Hi everyone, I want to thank y'all for your insights.  After many months of research, asking a lot of questions, I have just a couple that I can't determine.  If we're processing about 8 hogs a week, what size room do I need for fermenting and ultimately, what size room do I need to cure the meats?  I would rather be on the large size than small, but have no idea how large these rooms need to be to cure that much meat/charcuterie.  Realizing that some will be cured for as little as 30 days, but some for as much as 3 years, I don't have a good feeling about how large to make the rooms.  We'll be doing everything from hanging hams, to salumi, to the various cuts of sausages, etc...  taking a whole animal approach.  I know it's a shotgun question... but what size rooms do I need to allocate for the fermentation chamber and curing room/chamber?  Thanks, Ross


----------



## indaswamp (Oct 22, 2021)

How many Kilograms will you rotate monthly? How much product to ferment at one time? IMO, the fermentation room needs to be much smaller than the drying room. The drying room is set up in stages so the cooler drier air hits the oldest product first. As it picks up moisture and the RH% increases, then it travels down to hit the newer product with a higher Aw. There are state of the art drying rooms that have sensors and probes in some salamis and will adjust RH% parameters for the drying room to keep RH% 0.3-0.5 below Aw for optimal drying. All depends on how big you go and how sophisticated you want to get...

 

I commend you for looking at making salami for retail sale... The regulations are strict. Most producers end up using sous vide to pasteurize their product to ensure safety for e.coli if the product is made with beef. Don't quote me-but I think I read 123 or 126*F for finished salami....like 4 hours. Contact USDA for regulations.


----------



## indaswamp (Oct 22, 2021)

Another...


----------



## indaswamp (Oct 22, 2021)

Creminelli...


----------



## indaswamp (Oct 22, 2021)

When you get your meat shop up and running in Shiner, Texas;  I'd love to come by for a tour.


----------



## mike243 (Oct 22, 2021)

3000-4000 sq ft should get you started, 2 levels lots of air handling cooling units for temp and moisture control,  make it 2x as big as you first thought about and you might make it for a few years before you have to expand good luck


----------



## ShinerPrairie (Oct 22, 2021)

Wonderful suggestions/answers/videos, as always. Thank y’all, and yes, when it’s done, I will surely let everyone know! What a project!!!  I never thought/knew it would be this involved and require quite this much research. Off we go...


----------



## Lawyer Bob (Jan 19, 2022)

indaswamp said:


> When you get your meat shop up and running in Shiner, Texas;  I'd love to come by for a tour.

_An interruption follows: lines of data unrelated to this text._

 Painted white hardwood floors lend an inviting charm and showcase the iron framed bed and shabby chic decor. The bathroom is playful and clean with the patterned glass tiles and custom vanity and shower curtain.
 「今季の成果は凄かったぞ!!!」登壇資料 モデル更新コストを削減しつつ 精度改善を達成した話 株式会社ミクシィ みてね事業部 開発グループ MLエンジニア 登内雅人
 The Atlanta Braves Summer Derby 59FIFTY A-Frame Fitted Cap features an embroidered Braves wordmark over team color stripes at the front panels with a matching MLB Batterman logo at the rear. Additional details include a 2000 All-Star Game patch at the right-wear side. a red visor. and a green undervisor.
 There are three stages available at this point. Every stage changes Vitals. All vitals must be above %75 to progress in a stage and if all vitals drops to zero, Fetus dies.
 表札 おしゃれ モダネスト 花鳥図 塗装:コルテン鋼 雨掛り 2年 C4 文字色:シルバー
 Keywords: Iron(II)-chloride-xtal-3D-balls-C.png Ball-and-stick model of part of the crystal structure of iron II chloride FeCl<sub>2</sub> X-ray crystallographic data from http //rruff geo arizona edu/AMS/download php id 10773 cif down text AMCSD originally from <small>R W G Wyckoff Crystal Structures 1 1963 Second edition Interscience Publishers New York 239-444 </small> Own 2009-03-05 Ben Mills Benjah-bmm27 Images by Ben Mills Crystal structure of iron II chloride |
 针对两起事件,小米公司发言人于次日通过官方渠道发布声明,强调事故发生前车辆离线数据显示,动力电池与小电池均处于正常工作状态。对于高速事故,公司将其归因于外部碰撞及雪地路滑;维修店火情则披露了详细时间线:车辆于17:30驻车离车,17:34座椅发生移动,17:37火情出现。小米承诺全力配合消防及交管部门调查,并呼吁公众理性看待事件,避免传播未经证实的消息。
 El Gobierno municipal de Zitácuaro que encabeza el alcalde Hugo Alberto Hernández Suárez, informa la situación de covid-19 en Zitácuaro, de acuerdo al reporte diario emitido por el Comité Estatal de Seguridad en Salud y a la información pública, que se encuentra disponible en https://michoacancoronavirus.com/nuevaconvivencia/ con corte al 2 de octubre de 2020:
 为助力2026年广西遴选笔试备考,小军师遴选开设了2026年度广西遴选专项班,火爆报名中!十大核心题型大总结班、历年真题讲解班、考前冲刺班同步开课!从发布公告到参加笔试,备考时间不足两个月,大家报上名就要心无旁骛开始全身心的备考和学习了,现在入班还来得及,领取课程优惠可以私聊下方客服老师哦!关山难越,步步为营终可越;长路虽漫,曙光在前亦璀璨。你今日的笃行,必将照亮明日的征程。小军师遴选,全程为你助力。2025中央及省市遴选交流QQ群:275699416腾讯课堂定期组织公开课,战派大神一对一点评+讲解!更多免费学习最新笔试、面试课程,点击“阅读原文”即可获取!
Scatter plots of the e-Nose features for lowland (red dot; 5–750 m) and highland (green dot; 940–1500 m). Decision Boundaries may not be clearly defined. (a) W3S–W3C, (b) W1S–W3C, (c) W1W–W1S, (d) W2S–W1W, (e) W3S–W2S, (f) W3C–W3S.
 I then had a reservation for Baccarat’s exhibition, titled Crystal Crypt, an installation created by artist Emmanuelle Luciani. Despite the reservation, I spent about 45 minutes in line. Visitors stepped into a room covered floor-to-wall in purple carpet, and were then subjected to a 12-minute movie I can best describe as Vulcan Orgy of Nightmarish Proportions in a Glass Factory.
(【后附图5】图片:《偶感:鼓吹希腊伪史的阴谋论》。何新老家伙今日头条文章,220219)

me too.  We can quaff a brew or two at Howard’s.


----------



## indaswamp (Jan 19, 2022)

Glad this came back to the top. Here is the place for drying rooms in the U.S.:https://martiniequip.com/making-salami-on-a-large-scale/


----------



## SmokinEdge (Jan 19, 2022)

First stop is your local FSIS or State regulator. Then make a business plan for what you want to do. The rules have changed huge state by state. Intrastate vs interstate, it goes on. The regulations on “further processed meats” is lengthy. Best do some research on the subject.
I’m actually in the middle of this research. It’s deep, I guarantee.


----------